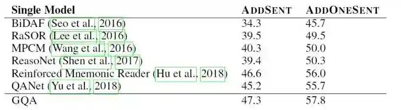 可以看到生成模型的效果要比效果最好的判别模型略差,但是本文的论点在于生成模型对question和context有更全面的理解,从而让模型有更好的泛化能力和应对对抗样本的能力。为了验证模型的泛化能力,本文作者构建了一个SQuAD的子集,该子集中训练样本中的context都只包含一个日期,数字或者人名类实体,但是在测试样本中有多个。如果模型在训练时仅依赖context中特殊类型的实体作为答案的数据特征,那么在测试集上就会表现很差。
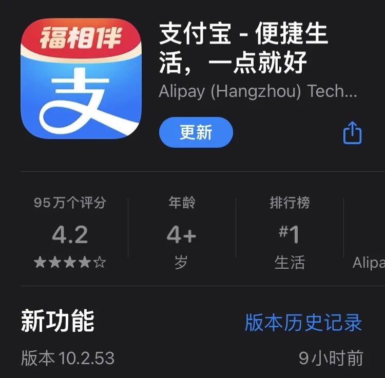 1 月 7 日消息,支付宝今天下午更新了 iOS 版 10.2.53,图标上新增福相伴字样。预示着 2022 年支付宝集五福即将开启。
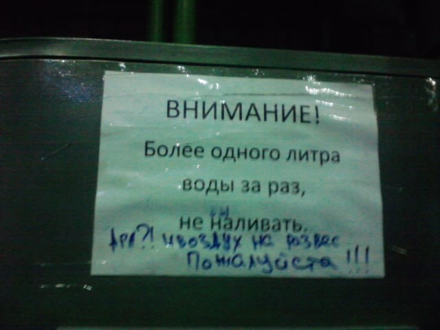 улыбнуло , вот такая обьява в горячем цехе ( приписку делала не я , оно уже так и было ...) это на самогон.., ой , на газировочном аппарате висит ..., не .., может оно чем то и аргументировано, но тогда бы сделали продолжение почему нельзя...???, Мне тоже интересны аргументы. Почему в установку. Которая предназначена для наполнения одного стакана за раз. Суют бутылку в 5 литров? Быдло, не!? Или просто русские!? |
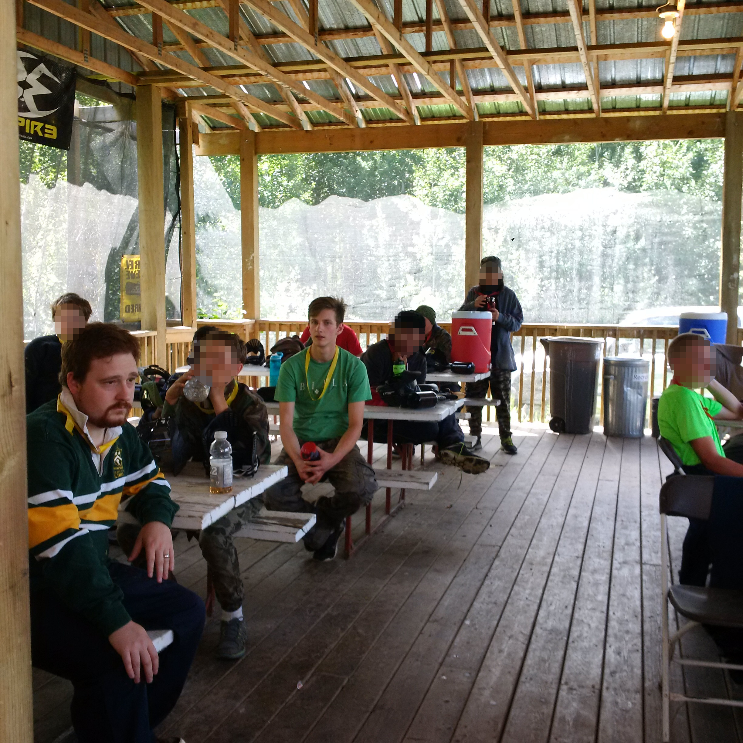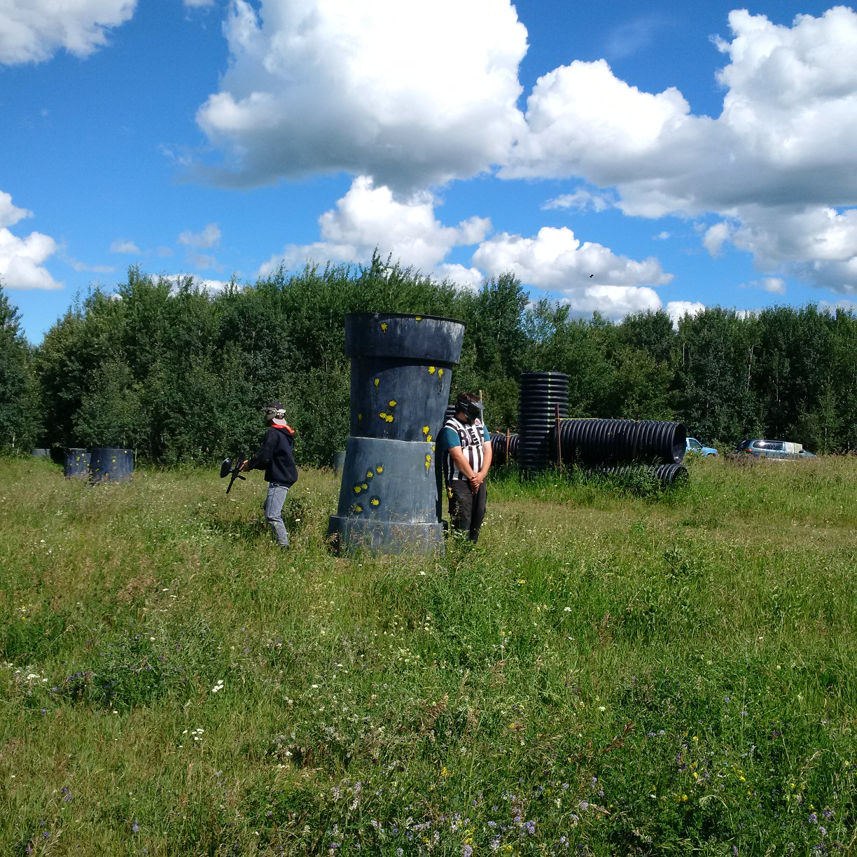 I watched the first couple of games from inside the safe zone. One of the staff provided the players with game progress updates over the PA system. Finally, on the third game, I decided to venture out and watch the action first hand. Sadly, after one picture, my phone announced to me that my memory card was full… and I didn’t feel in a particularly safe situation to go through my pictures and delete old ones. So this is the only photo I got while paintballs were whizzing around me. Yes the ref is protecting his junk. He was caught in the crossfire between a couple players. Yes, he did get hit.
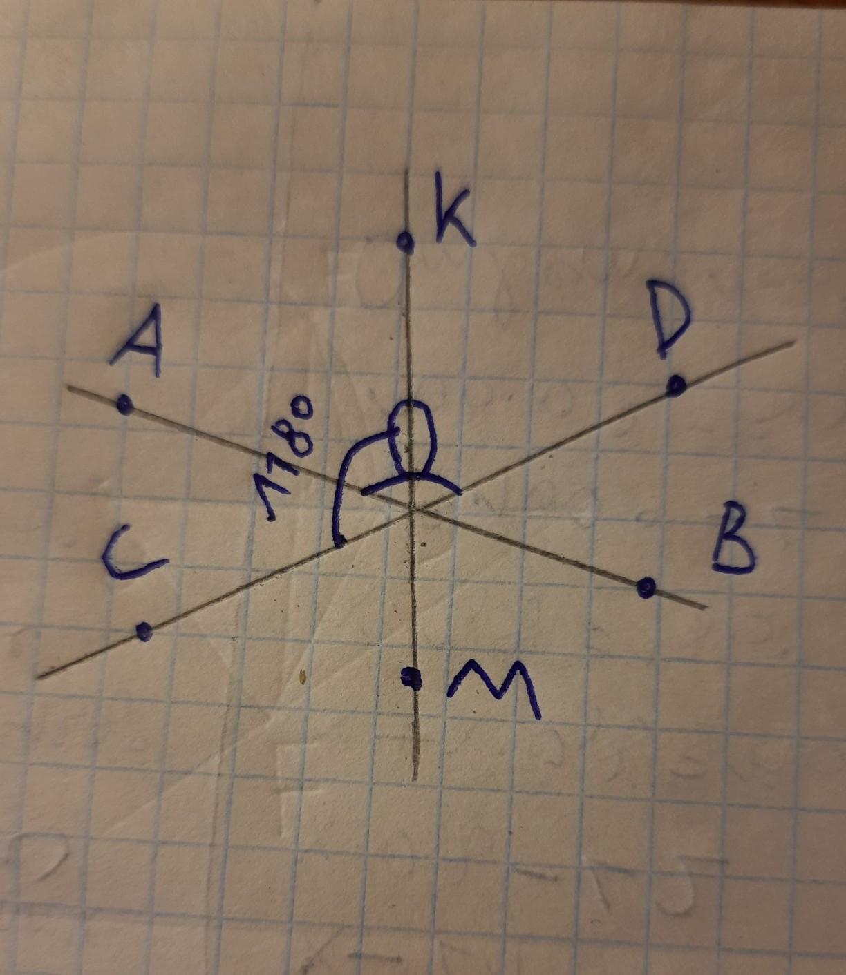 < MK = 180° . Значит < COM = 180° - 118° = 62° .

**Your instructions**.
Output the listing exactly. Leave out any image.

**Exercise solution**.
 可以看到生成模型的效果要比效果最好的判别模型略差,但是本文的论点在于生成模型对question和context有更全面的理解,从而让模型有更好的泛化能力和应对对抗样本的能力。为了验证模型的泛化能力,本文作者构建了一个SQuAD的子集,该子集中训练样本中的context都只包含一个日期,数字或者人名类实体,但是在测试样本中有多个。如果模型在训练时仅依赖context中特殊类型的实体作为答案的数据特征,那么在测试集上就会表现很差。
 1 月 7 日消息,支付宝今天下午更新了 iOS 版 10.2.53,图标上新增福相伴字样。预示着 2022 年支付宝集五福即将开启。
 улыбнуло , вот такая обьява в горячем цехе ( приписку делала не я , оно уже так и было ...) это на самогон.., ой , на газировочном аппарате висит ..., не .., может оно чем то и аргументировано, но тогда бы сделали продолжение почему нельзя...???, Мне тоже интересны аргументы. Почему в установку. Которая предназначена для наполнения одного стакана за раз. Суют бутылку в 5 литров? Быдло, не!? Или просто русские!? |
 I watched the first couple of games from inside the safe zone. One of the staff provided the players with game progress updates over the PA system. Finally, on the third game, I decided to venture out and watch the action first hand. Sadly, after one picture, my phone announced to me that my memory card was full… and I didn’t feel in a particularly safe situation to go through my pictures and delete old ones. So this is the only photo I got while paintballs were whizzing around me. Yes the ref is protecting his junk. He was caught in the crossfire between a couple players. Yes, he did get hit.
 < MK = 180° . Значит < COM = 180° - 118° = 62° .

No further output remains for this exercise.